_Dataset extract_:
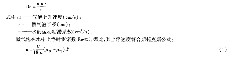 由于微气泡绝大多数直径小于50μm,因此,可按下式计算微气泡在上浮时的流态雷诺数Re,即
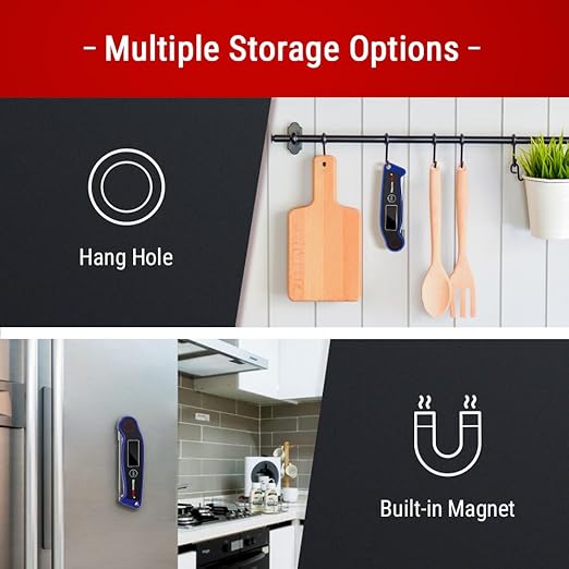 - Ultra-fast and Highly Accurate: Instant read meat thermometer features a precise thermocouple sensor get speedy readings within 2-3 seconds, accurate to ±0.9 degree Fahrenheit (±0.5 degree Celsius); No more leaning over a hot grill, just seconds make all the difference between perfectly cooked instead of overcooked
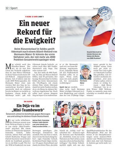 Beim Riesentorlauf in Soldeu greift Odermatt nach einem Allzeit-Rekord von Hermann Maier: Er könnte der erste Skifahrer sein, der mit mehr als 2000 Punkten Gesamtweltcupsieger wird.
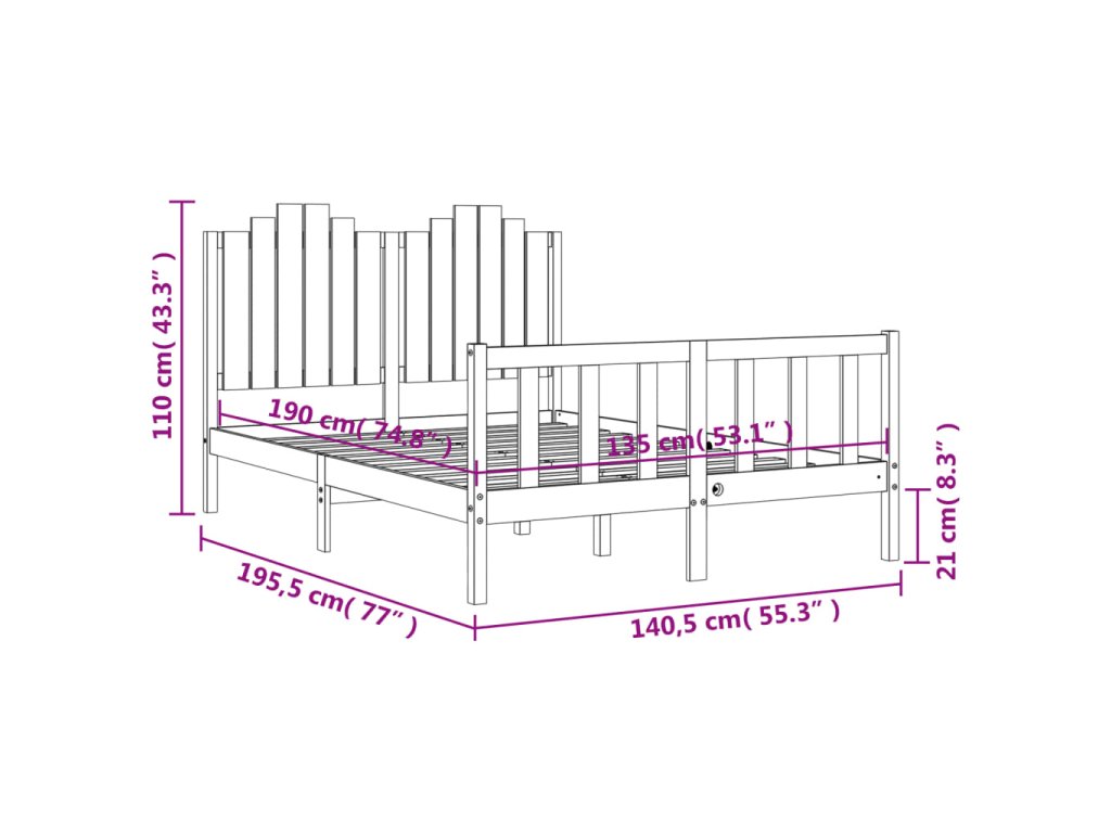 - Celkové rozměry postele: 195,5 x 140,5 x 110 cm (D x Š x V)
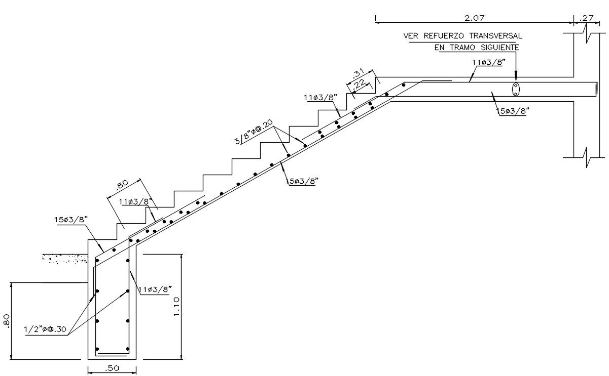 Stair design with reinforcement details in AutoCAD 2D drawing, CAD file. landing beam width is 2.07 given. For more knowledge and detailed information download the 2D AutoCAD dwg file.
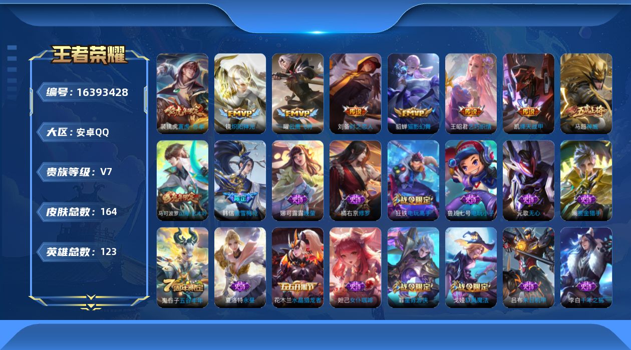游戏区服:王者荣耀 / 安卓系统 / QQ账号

_Exercise aim_: For this exercise, output the records exactly but omit their pictures.

_Completed exercise_:
 由于微气泡绝大多数直径小于50μm,因此,可按下式计算微气泡在上浮时的流态雷诺数Re,即
 - Ultra-fast and Highly Accurate: Instant read meat thermometer features a precise thermocouple sensor get speedy readings within 2-3 seconds, accurate to ±0.9 degree Fahrenheit (±0.5 degree Celsius); No more leaning over a hot grill, just seconds make all the difference between perfectly cooked instead of overcooked
 Beim Riesentorlauf in Soldeu greift Odermatt nach einem Allzeit-Rekord von Hermann Maier: Er könnte der erste Skifahrer sein, der mit mehr als 2000 Punkten Gesamtweltcupsieger wird.
 - Celkové rozměry postele: 195,5 x 140,5 x 110 cm (D x Š x V)
 Stair design with reinforcement details in AutoCAD 2D drawing, CAD file. landing beam width is 2.07 given. For more knowledge and detailed information download the 2D AutoCAD dwg file.
游戏区服:王者荣耀 / 安卓系统 / QQ账号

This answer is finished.